» **EXERCISE**: Please print exactly the lines below, from the start of the material up to and including the line with "Olevs Jam Tangan", but none of the pictures.

» **AVAILABLE DATA**:

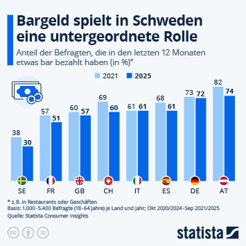 Die Deutschen lieben ihr Bargeld – und die zugehörigen Automaten. Das zeigt eine aktuelle Forsa-Umfrage im Auftrag des Marktwächter Finanzen, einem Angebot der Verbraucherzentralen. So heben 38 Prozent der Befragten mindestens einmal pro Woche Geld am Automaten ab. 27 Prozent holen sich alle zwei Wochen frisches Geld, wie die Grafik von Statista zeigt. Die durchschnittliche Summe beträgt dabei 248 Euro. Die Auszahlung an Tankstellen oder Supermarktkassen sorgt bisher allerdings für keine große Begeisterung: 78 Prozent geben an, sich dort nie Bargeld auszahlen zu lassen.
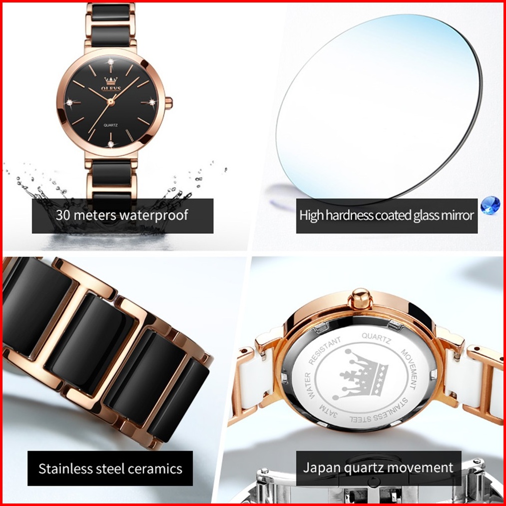 Olevs Jam Tangan Wanita Original Anti Air Tahan Analog Fashion Terbaru Keramik Watch Women
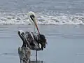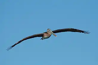 Pelikan brunatny[3] (Pelecanus occidentalis) – gatunek dużego ptaka z rodziny pelikanów (Pelecanidae). Występuje na wybrzeżach znacznej części obu Ameryk – na Pacyfiku od południowej Kanady po Peru (oraz na Galapagos), na Atlantyku od północno-wschodnich Stanów Zjednoczonych po Gujanę Francuską. Nie jest zagrożony.
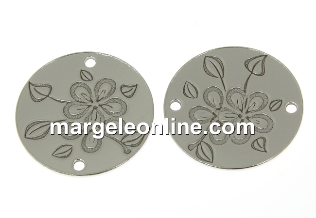 Link banut floral, argint 925 placat cu rodiu, 15mm - x1

» **RESPONSE FOR THIS EXERCISE**:
 Die Deutschen lieben ihr Bargeld – und die zugehörigen Automaten. Das zeigt eine aktuelle Forsa-Umfrage im Auftrag des Marktwächter Finanzen, einem Angebot der Verbraucherzentralen. So heben 38 Prozent der Befragten mindestens einmal pro Woche Geld am Automaten ab. 27 Prozent holen sich alle zwei Wochen frisches Geld, wie die Grafik von Statista zeigt. Die durchschnittliche Summe beträgt dabei 248 Euro. Die Auszahlung an Tankstellen oder Supermarktkassen sorgt bisher allerdings für keine große Begeisterung: 78 Prozent geben an, sich dort nie Bargeld auszahlen zu lassen.
 Olevs Jam Tangan Wanita Original Anti Air Tahan Analog Fashion Terbaru Keramik Watch Women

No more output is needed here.